Jason drowned in December in his family's backyard pool after he unlocked a door, slipped outside and fell into the water. His mother said Jason had just learned to turn a lock.
"My heart broke into a million pieces. I can't even hold back my tears right now," Georgia Booden says. "It's so hard facing that day. To look at your baby, no matter what age, and know the life that once was there is now gone kills something inside of you.

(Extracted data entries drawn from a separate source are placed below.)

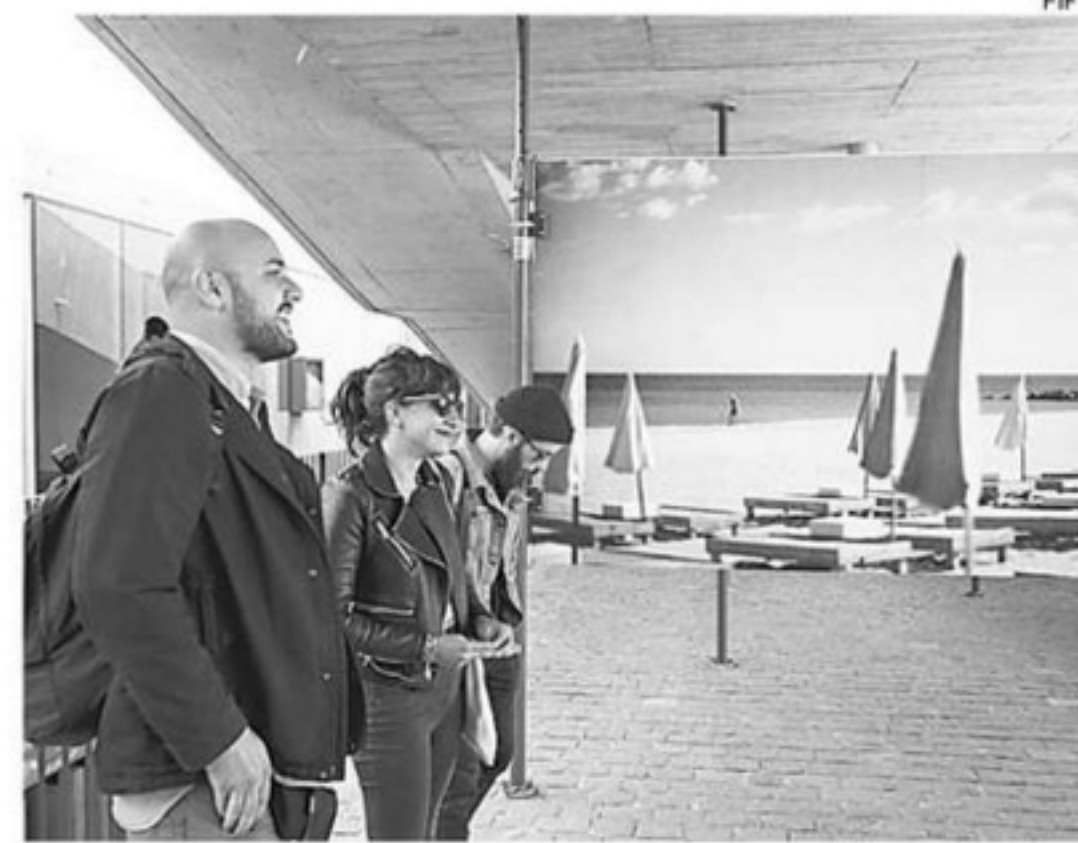
VISITAS GUIADAS EN EL PARQUE CULTURAL DE VALPARAÍSO.

Además de las visitas guiadas, hoy se inaugura la Exposición Fotográfica colectiva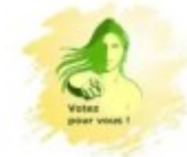
Votez Pour Vous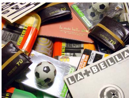
La Más Bella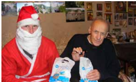
Tengiz på 93 sammen med julemanden. Den gamle mand kan som andre af vore pensionister kan ikke komme ud af sin lejlighed.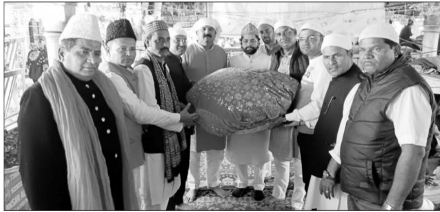
ख्वाजा मोइनुद्दीन हसन चिश्ती के उर्स के मौके पर वसुंधरा राजे की ओर से भेजी गई चादर पेश की।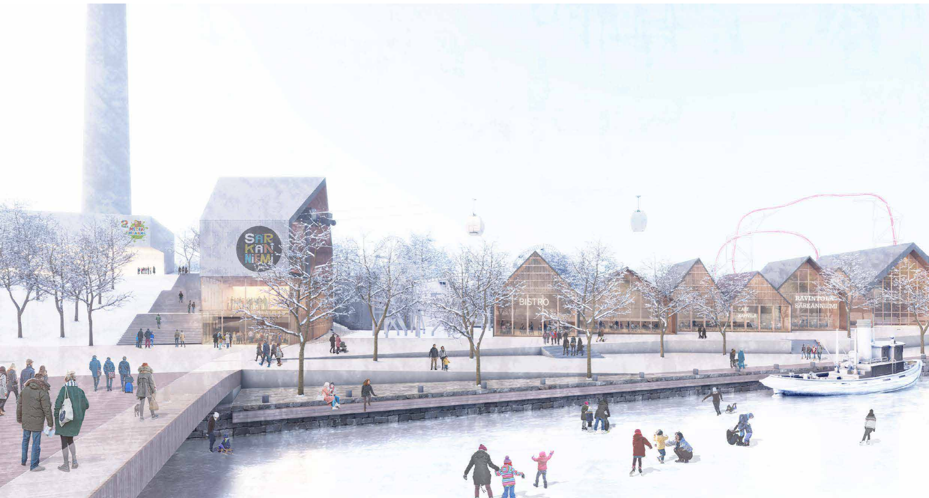
NÄKYMÄ SÄRKÄNNIEMEN RANTA-ALUEELLE TALVELLA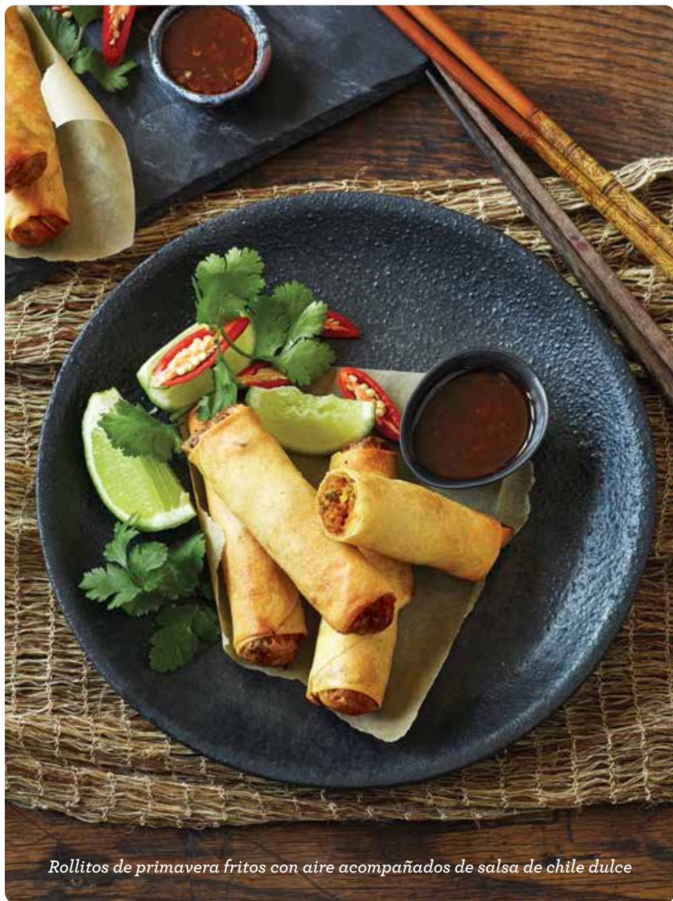
Rollitos de primavera fritos con aire acompañados de salsa de chile dulce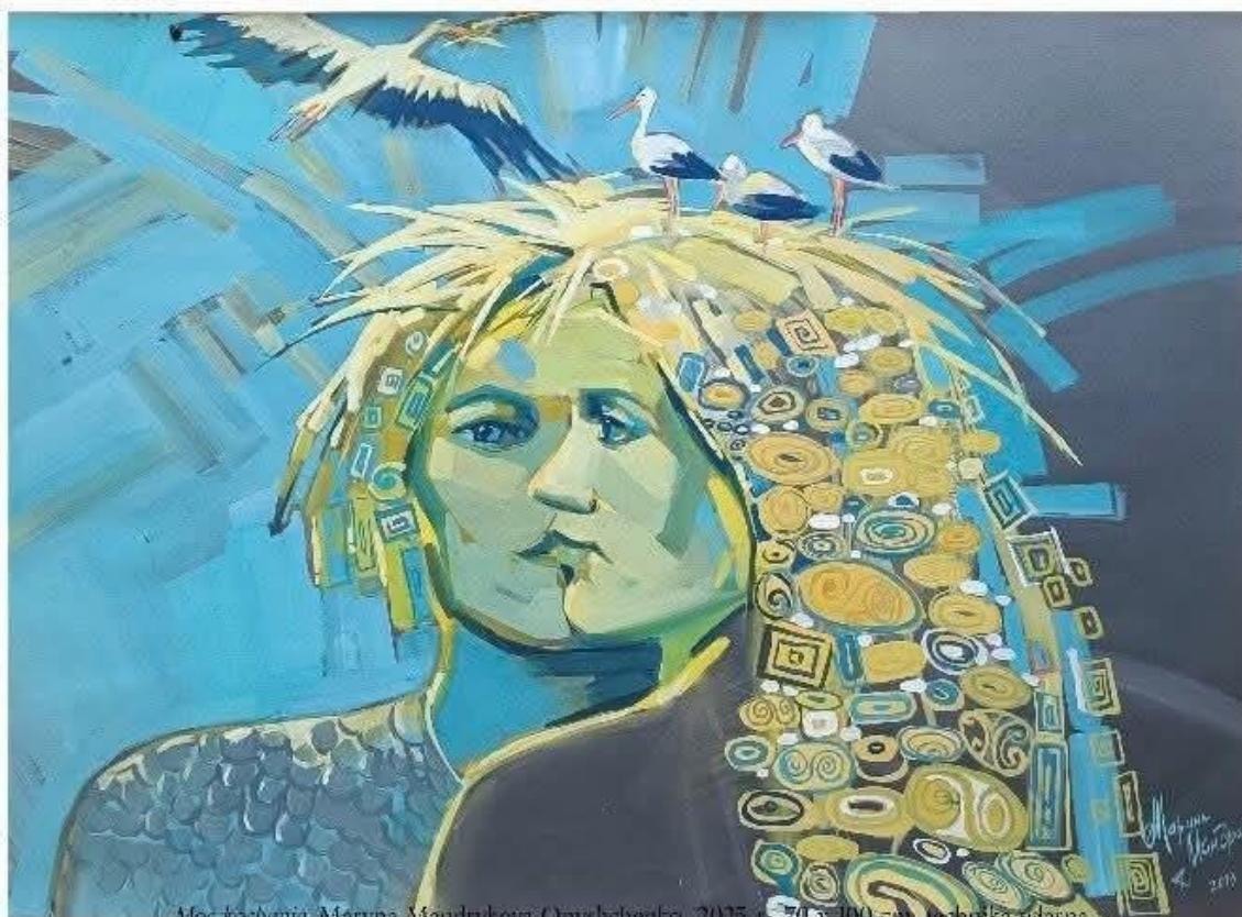
Moc kobinita, Maryna Mandrykova-Onyshchenko, 2025 r., 74 x 100 cm, technika własna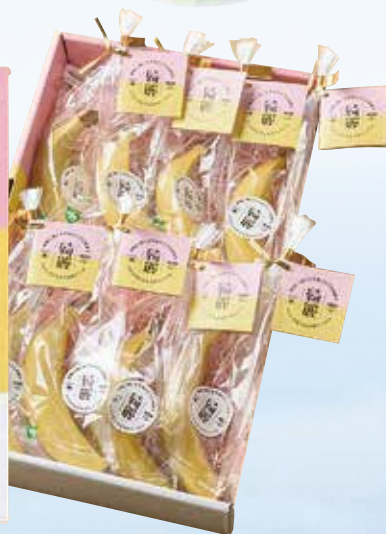
朝陽に輝く水平線がとても綺麗な みかんの丘のある町のバナナ 『綺麗』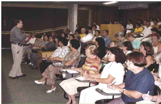
Palestras são ministradas por professores da FMJ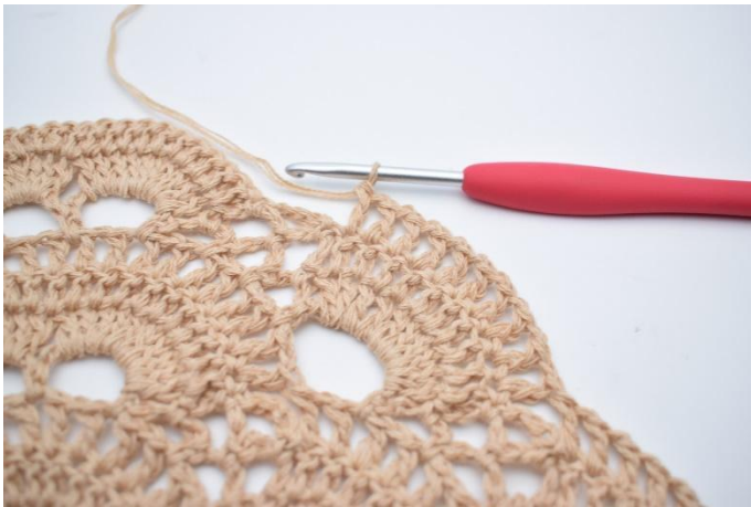
50. Virka "1 lm, 1 st" i alla st kring den stora lm-bågen (10 st).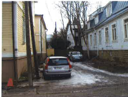
Patrianpuisto. Parkinkatu 1/3.

Laittomassa aidassa oleva kyltti suurennettu.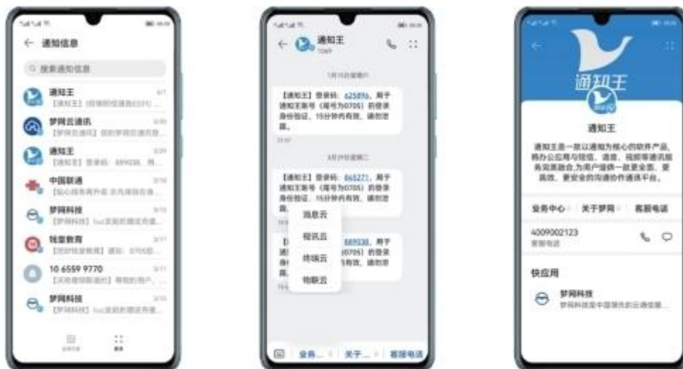
短信服务号用户界面截图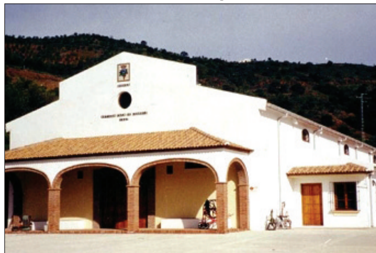
Bodega de Casa de Guardia, en la Finca Romerillo de Olías.

En fechas próximas se comunicarán nuevas excursiones a otros puntos de la provincia de Málaga para dar continuidad a este programa que tan buena aceptación está teniendo entre los peñistas.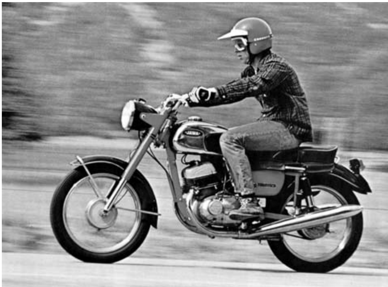
▲ Jawa 350 typ 362/00/04 Oilmaster v plném tempu. Snímek z reklamního letáku American Jawa Ltd. pro rok 1972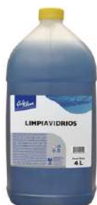
Porrón Limpia Vidrios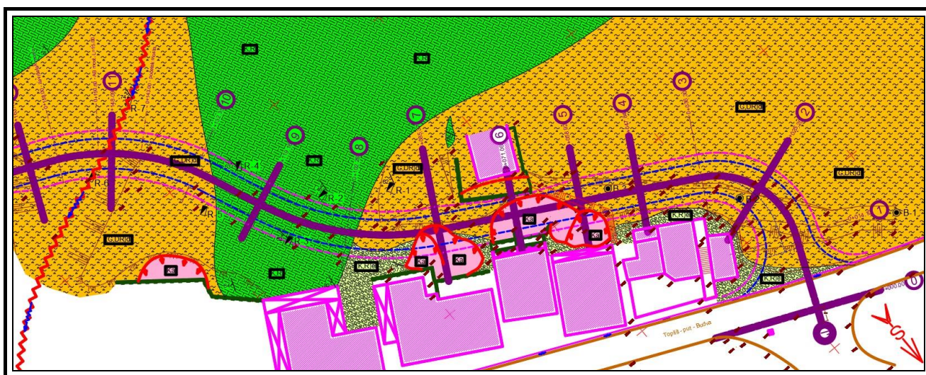
Inženjerskogeološka karta terena sa trasom ulice i istražnim radovima

Sa aspekta stabilnosti i sanacije terena na lokaciji Babinog dola, zaključujem sledeće:

Nothing else matters anymore."
Last year, 20 children drowned in Maricopa County. So far this year, a 2-year-old Phoenix boy drowned in a backyard pool in January.
"Hold your children close even if they don't like it," Booden says. "Being a parent that smothers their child is better than being a parent of a child who is gone due to an accident which could have been prevented."
Booden, 25, is a stay-at-home mom. She always kept the doors locked.
The doors were locked that day, too. Jason was in a back room when his mother went to check on the baby.
When she came back, she saw a sliding glass door open and looked to the pool.
"I saw something in the pool," Booden says. "My first thought was it was a blanket, but I knew we didn't own a blanket with those colors on it."
At the hospital, she and her husband asked to see their son.
"I walked in and saw my wonderful little man on the bed. The rest of it is too hard to say."
What she can say is that Jason was in a locked house. Kids are quick and quiet when they are up to something. Never let your guard down.
"I hope hearing our story makes them love their children more and never lose sight of them even for a second," Booden says. "Nothing matters as much as them."